Member of the National Council
- Incumbent
- Assumed office 30 November 2015
- Constituency: Canton of Zürich

Co-Chair of the Social Democratic Party of Switzerland
- Incumbent
- Assumed office 17 October 2020 Serving with Cédric Wermuth

Personal details
- Born: Mattea Julia Meyer 9 November 1987 (age 38) Basel, Switzerland
- Domestic partner: Marco Kistler (2016–)
- Children: 2
- Alma mater: University of Zurich (BA, MA)
- Website: Official website Parliament website

= Mattea Meyer =

Swiss politician (born 1987)

Mattea Julia Meyer (/de-CH/; born 9 November 1987) is a Swiss politician who currently serves as member of the National Council for the Social Democratic Party since 2015. Concurrently she co-chairs the Social Democratic Party of Switzerland together with Cédric Wermuth. Previously, Meyer served on the Cantonal Council of Zürich from 2011 to 2015.

== Early life and education ==
Meyer was born 9 November 1987 in Basel, Switzerland to an agricultural engineer father and a kindergarten teacher mother. She was raised, together with her sister and brother, in Rothenfluh and Winterthur.
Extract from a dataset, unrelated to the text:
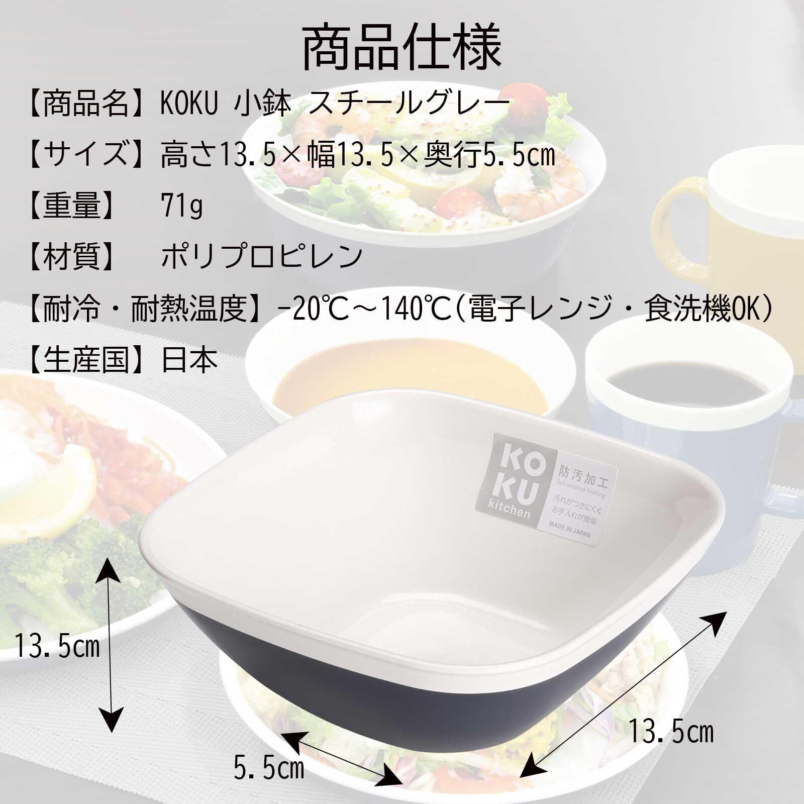 【新着商品】KOKUBO(コクボ) KOKU 小鉢 スチールグレー 角型 日本製 食洗機対応 キッチン 食器 耐熱 レンジ 対応 軽量 プラスチック 割れない おしゃれ 可愛い ボウル 小皿 レシピ 料理 梅 和食 メニュー セット 豆腐 納豆 おばんざい シンプル KC-210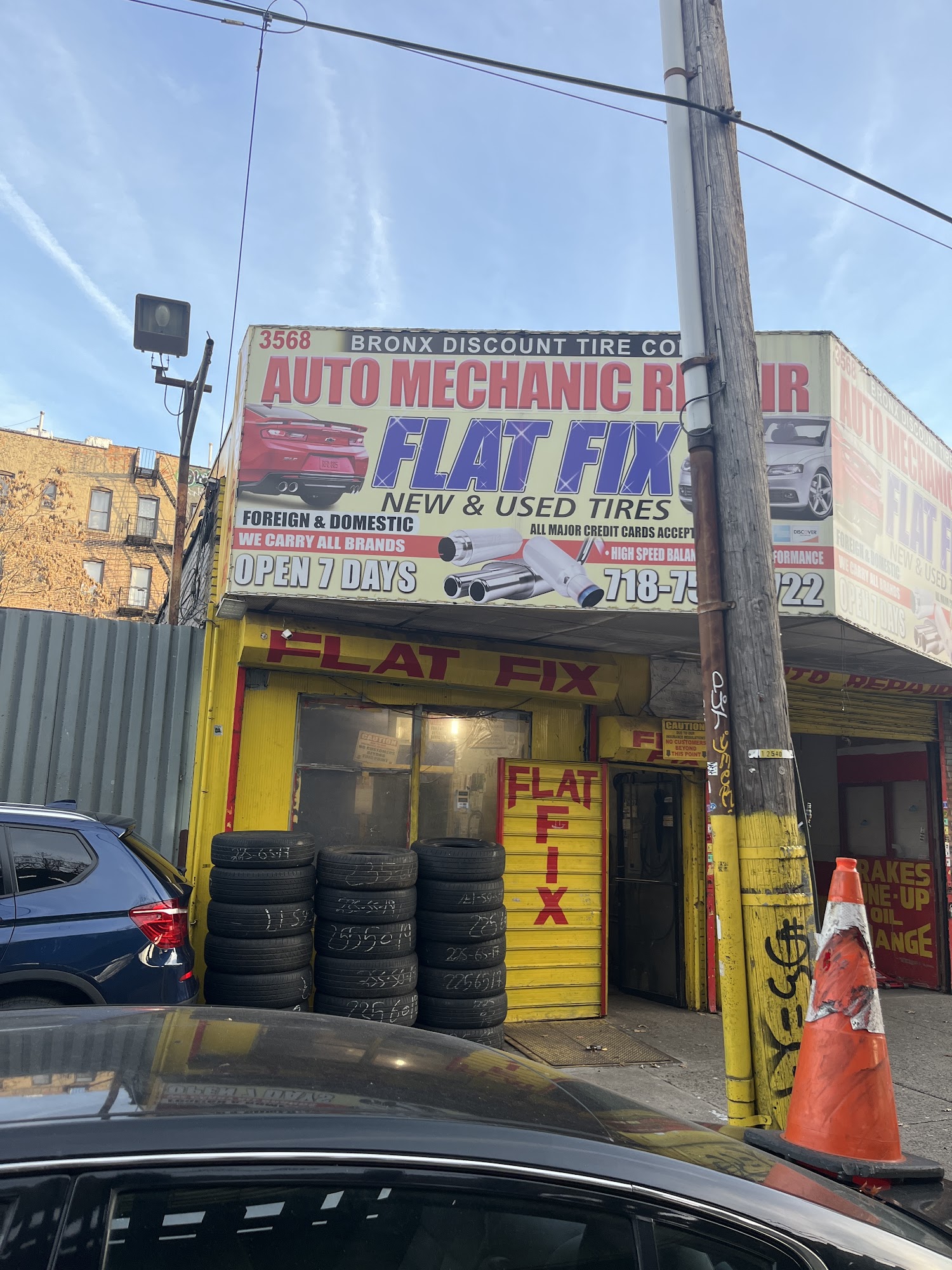 Tire Shop under new management. You will see the nicest Tire shop/ FlatFix spot in all of New York City, meanwhile this is what we offer in our store: Tires: NEW TIRES, 75$-300$ (depending on size) each USED TIRES, 30$-75$ (depending on size) each FlatFix: Patch: 20$-25$ each Plug: 10$-15$ each Rim sealer: 15$-35$ each (Depending on rim size) Valve: 15-25$ each Tire balance/ High-speed balance: 10$-20$ per tire Also We carry some different varieties of rims (Steel/aluminum) Shop address: 3568 Jerome avenue Bronx New York 10467-1006 Phone number: 1 (914) 439-8655 Feel free to contact us for any issue, and hopefully we can be of help to our amazing customers. Stay safe out there. Signing off: 04/17/2022 Sunday 2:53pm.

She studied history, geography and political science at the University of Zurich between 2007 and 2015. She obtained a MSc in Human and Economic Geography from the University of Zurich in 2015. During her studies, she stayed for one semester at the University of Aix-Marseille where she experienced protests by the professors and students of the University.

== Political career ==
From 2009 to 2013 she was Vice-President of the Young Socialists of Switzerland. From 2011 to 2015 she was a member of the Grand Council of the Canton of Zurich. In 2015 she was re-elected in her constituency with the best result of her party, but in April 2015, the cantonal party nominated her as a candidate for the 2015 National Council elections. Since the 30 November 2015, she represents the SP in the National Council of Switzerland and resigned as a cantonal councilor. In her first legislature in the National Council she was a member of the Finance Commission and the Immunity Commission of the National Council. In the parliamentary elections in 2019, Meyer was re-elected as a national councilor. In her second legislature she took a seat in the commission for health and social security (SGK) and remained in the immunity commission. In December 2019 Meyer announced that together with Cédric Wermuth, she would be a candidate for the presidency of the SP Switzerland. Succeeding Christian Levrat, they were elected on 17 October 2020.

=== Political positions ===
Meyer is part of the party's majority anti-capitalist and left wing, with the PS representing a more left-wing social democracy when compared to other European social-democratic sister parties. She promotes a welcoming approach towards the asylum seekers which she sees as a normal answer for a country which exports weapons to war zones. During the COVID-19 pandemic she demanded that the Federal and Cantonal (provincial) Governments announce their measures in a coordinated manner. She defends the liberty of expression and assumed a godparenthood of the Belarusian political activist Anastasiya Mirontsava.

== Personal life ==
Mattea Meyer is the partner of fellow SP politician Marco Kistler. The couple have two children, a daughter born in 2017 and in 2021.